Description David Gerber 2006-10-09 07:12:32 UTC
Most recent kernel where this bug did not occur: 
none found
Distribution: 
ubuntu edgy
Hardware Environment: 
Dell Inspiron 9400 (aka E1705), Intel Core 2 T7200, Radeon x1400
Software Environment:
Problem Description:
When X11 is loaded, keyboard events get messed up. For example I press 'a' and 
I see 'aaa' on the screen. This effectively renders the keyboard unusable. I 
can't seem to reproduce that effect both in the console or in gdm, though.

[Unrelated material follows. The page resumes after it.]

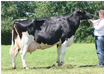
Annelund Rudolph Roxette

Dec 2007 var medelpoäng för Kropp 83,3 , juver 81,0 , ben 80,7 och för helhet 81,6 För det mesta finns livdjur, tjurar och embryon till salu.

If I boot the kernel with 'noapic' there's no such symptom and the keyboard is 
fine. On the other hand one of the CPU core gets disabled.

Steps to reproduce:
Boot, log into X11, try to type something into any string area. It's not 
possible to predict when the sticky keys effect will happen but it usually 
happens quickly (less than 30 seconds).

It's also possible to reproduce that with a plain ubuntu distribution 'live' 
CD and the vesa driver so that means no proprietary drivers get loaded.
Comment 1 David Gerber 2006-10-09 07:15:22 UTC
Created attachment 9190 [details]
dmesg output

dmesg output (I also tested WITHOUT 'fglrx' loaded and the bug happens as well)
Comment 2 David Gerber 2006-10-09 07:16:36 UTC
Created attachment 9191 [details]
dmidecode output
Comment 3 Dmitry Torokhov 2006-10-09 07:34:39 UTC
Does booting with "nolapic" help?
Comment 4 David Gerber 2006-10-09 08:05:02 UTC
No.
With 'nolapic', both cores are enabled and the bug shows up.
Comment 5 Tarmo T 2006-10-09 18:16:08 UTC
I'm not sure if I'm seeing the exact same issue but when using 2.6.18 or
2.6.18-mm1 the keyboard works fine for several hours and then either just stops
working or gets stuck on one key that was last pressed, never releasing that key
and not generating events for any other key that is pressed.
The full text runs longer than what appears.